I realized, after a half dozen desperate short story beginnings, that I would enjoy writing novels. I can't seem to characterize the way that I want to in just seven pages. I like creating :) Anywho, here is the beginning of a short story meant to focus on setting. It is one exercise that we began in class and had to finish at home. Don't know where I'm going to go with it...but I'll let the characters take me where they will! :)
Being Thrown In
The basement where the concerts are held is dark save the dusty red stage lighting that illuminates several mohawks, a drum set, and an electric guitar. The air is musty and damp with heat, and perspiring bodies wipe sweat onto their black loose t-shirts and plaid pants. Legs and arms flail and collide in the mosh pit, while a few muffled grunts and whelps of pain indicate a bruise or a black eye or a nosebleed or a twisted joint. Hardly-worn fruity perfume mixes with hair gel and humidity. Piercings gleam in the darkness while biting, wailing chords screech and cut through bodies packed like ants on a dropped breadcrumb. The music doesn’t matter, as its pulsating beat is simply a rhythm, a backdrop for the buildup of an orchestra of anger that has surfaced in the pit. Everywhere is black—hair and torn-down streamers and flimsy old chairs and clothes and eyeliner. In the corner, though, a girl with a yellow shirt stands alone gazing at the mosh pit with a mixture of fright and yearning.
Kira stands as far away from the pit as she can get. She doesn’t want to be here (maybe), and she straightens her long, flowered skirt as the drum solo ricochets off the walls and threatens a minor earthquake. It’s dark enough that no one will see her if she edges out of the room. Ryker and Alex are in the mosh, anyway, and they will probably be nursing bloody noses before they realize she’s gone. Problem is, she has no way to get home since she’s seventeen and let her permit expire; that means she has to wait another six months before driving on her own even becomes a possibility.
Kira abandons her corner and sidesteps until she reaches two decrepit door handles twisted and stuck at awkward angles. She pushes slightly and a crack of light appears, like Heaven (or the light at the end of the tunnel, she thinks, since I’m not religious). Footsteps clink on the tiled floor and Kira walks quickly but with composure (in case somebody sees her) into the nearest room, which happens to be a custodial closet. She closes the door behind her and turns on a small overhead light. She forgot this was once a school building, called Washington High or something generic like that. Kira slumps on an overturned bucket and tenderly touches her head because the drumbeats are still ear-splitting.
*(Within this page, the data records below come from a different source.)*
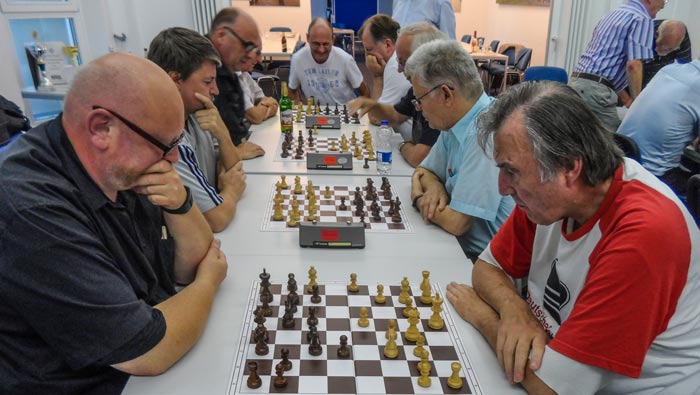 Die A-Gruppe war wieder stark besetzt. Von Beginn an entwickelte sich ein spannender, harter und fairer Kampf um den Sieg, die Urkunden und die Preise. Kein Spieler blieb ungeschlagen. Nach der letzten Runde führten Rüdiger Schüttig (2321) und Jürgen Schmid (2023) punktgleich mit je 6 Punkten aus 8 Partien vor den punktgleichen FIDE-Meistern Rainer Kleeschätzky (2243) und Dr. Fritz Baumbach (2198). Meister wurde Rüdiger nach gewonnenem Stichkampf. Den 3. Platz erreichte Rainer durch die bessere Zweitwertung.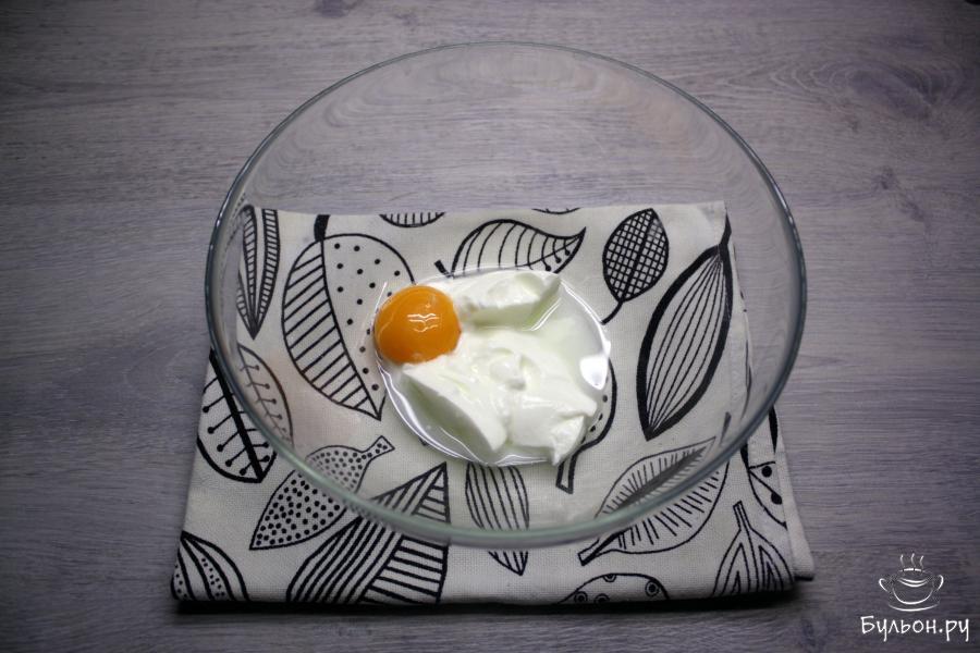 3. Всыпать крошку к сметанно-яичной смеси. Лопаткой все смешать. Накрыть пищевой пленкой и убрать в холодильник.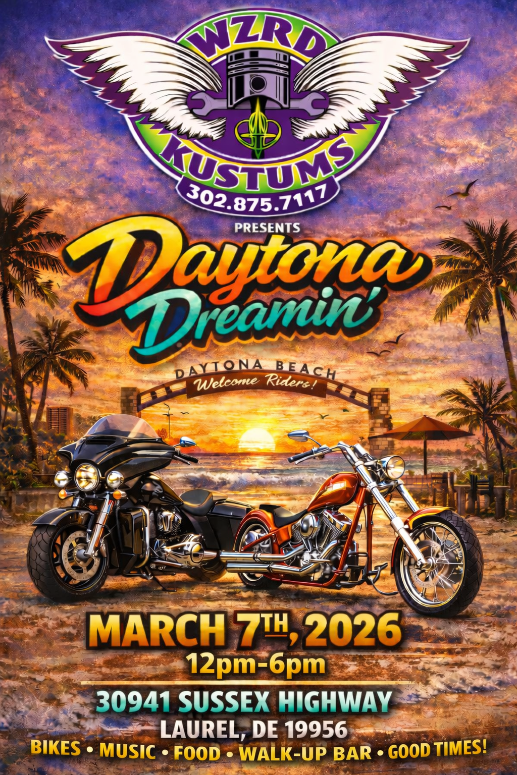 For all of us who can’t make it to Daytona for the 85th bikefest, Wzrd Kustums presents our Daytona party here in our hometown.

Why did she even come here? To prove something? Ryker is the kind of guy who has to initiate his female interests, and since he frequents the Underground basement music scene, this is where “initiation” takes place. If a girl joins the mosh pit, she is deemed worthy of his love. And he’s just so cute that it was hard not to agree to come, despite the fact that Kira is terrified of dark places and loud music and big groups and especially physical contact. He told her he’d take care of her, but once the music started and he saw that she wasn’t going anywhere near the pit he kind of left her alone. Alex, Ryker’s best friend, didn’t seem to approve of Kira anyway once he saw that she wasn’t wearing a scrap of black. She doesn’t like black. Why is she attracted to the brooding punk-rockers who seem to think that black is sacred and should make up at least one-fourth of every outfit? Oh yeah, Ryker is a brooding punk-rocker, and he’s attractive. She wanted to join him in the mosh pit, she really did, but to go in may have had severe physical consequences.
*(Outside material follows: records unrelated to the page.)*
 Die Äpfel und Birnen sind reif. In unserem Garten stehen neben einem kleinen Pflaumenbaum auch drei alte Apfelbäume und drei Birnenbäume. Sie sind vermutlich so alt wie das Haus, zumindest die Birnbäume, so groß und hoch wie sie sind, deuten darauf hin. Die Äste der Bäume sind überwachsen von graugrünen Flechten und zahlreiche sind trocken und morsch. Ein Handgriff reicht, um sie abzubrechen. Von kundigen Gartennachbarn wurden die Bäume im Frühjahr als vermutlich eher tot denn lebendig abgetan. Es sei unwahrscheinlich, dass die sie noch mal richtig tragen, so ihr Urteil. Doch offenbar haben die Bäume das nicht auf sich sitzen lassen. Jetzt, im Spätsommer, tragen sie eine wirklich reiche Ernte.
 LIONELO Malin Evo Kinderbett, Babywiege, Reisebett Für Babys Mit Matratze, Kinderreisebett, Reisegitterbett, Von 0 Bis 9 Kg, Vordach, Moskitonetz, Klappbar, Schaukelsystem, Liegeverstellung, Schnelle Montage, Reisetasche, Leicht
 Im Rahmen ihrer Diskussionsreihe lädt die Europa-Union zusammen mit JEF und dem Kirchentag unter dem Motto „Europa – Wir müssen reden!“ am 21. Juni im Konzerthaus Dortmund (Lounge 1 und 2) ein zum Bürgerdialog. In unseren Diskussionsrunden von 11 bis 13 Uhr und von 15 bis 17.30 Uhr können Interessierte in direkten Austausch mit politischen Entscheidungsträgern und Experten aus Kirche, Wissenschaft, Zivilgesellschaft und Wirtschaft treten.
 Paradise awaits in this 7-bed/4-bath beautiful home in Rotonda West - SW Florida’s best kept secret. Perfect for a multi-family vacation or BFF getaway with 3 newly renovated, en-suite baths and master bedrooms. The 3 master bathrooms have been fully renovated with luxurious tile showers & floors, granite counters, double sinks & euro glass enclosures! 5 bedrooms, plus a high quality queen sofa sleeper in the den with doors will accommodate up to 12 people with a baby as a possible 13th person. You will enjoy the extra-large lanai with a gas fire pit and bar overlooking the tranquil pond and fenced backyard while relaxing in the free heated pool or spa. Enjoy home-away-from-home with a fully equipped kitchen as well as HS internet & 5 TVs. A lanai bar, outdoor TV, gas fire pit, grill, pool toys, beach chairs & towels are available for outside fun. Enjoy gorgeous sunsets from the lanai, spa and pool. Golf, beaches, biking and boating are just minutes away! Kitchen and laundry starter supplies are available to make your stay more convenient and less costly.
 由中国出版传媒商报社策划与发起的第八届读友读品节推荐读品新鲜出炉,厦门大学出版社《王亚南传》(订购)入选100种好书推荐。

Sitting in the custodial closet is strangely comforting. Apart from the smell of several unknown cleaning solutions, it is actually pleasant. Kira stands up from her overturned bucket throne and opens the door a crack. The music has dulled dramatically in the few minutes since she’s been out here, and Kira wonders if perhaps the concert is over. The hallway is still empty, so unless a mass exodus has occurred and she didn’t hear the trampling of heels and platforms and boots past her refuge, Kira doubts anybody has left the building yet. She might be able to make it back to her original position in the corner with Ryker being none the wiser. She might even be able to say that she stood on the fringe of the mosh pit for a few minutes and he might take her in his arms and profess his certainty that he knows she is the one, she made it, she passed the test, she is worthy of his pouting, full lips and those teeth that flash like cameras. Her heels clink once again across the tiled floor as she prepares to return to the blackness of the Underground, to Ryker, and to (hopefully) an impassioned love confession.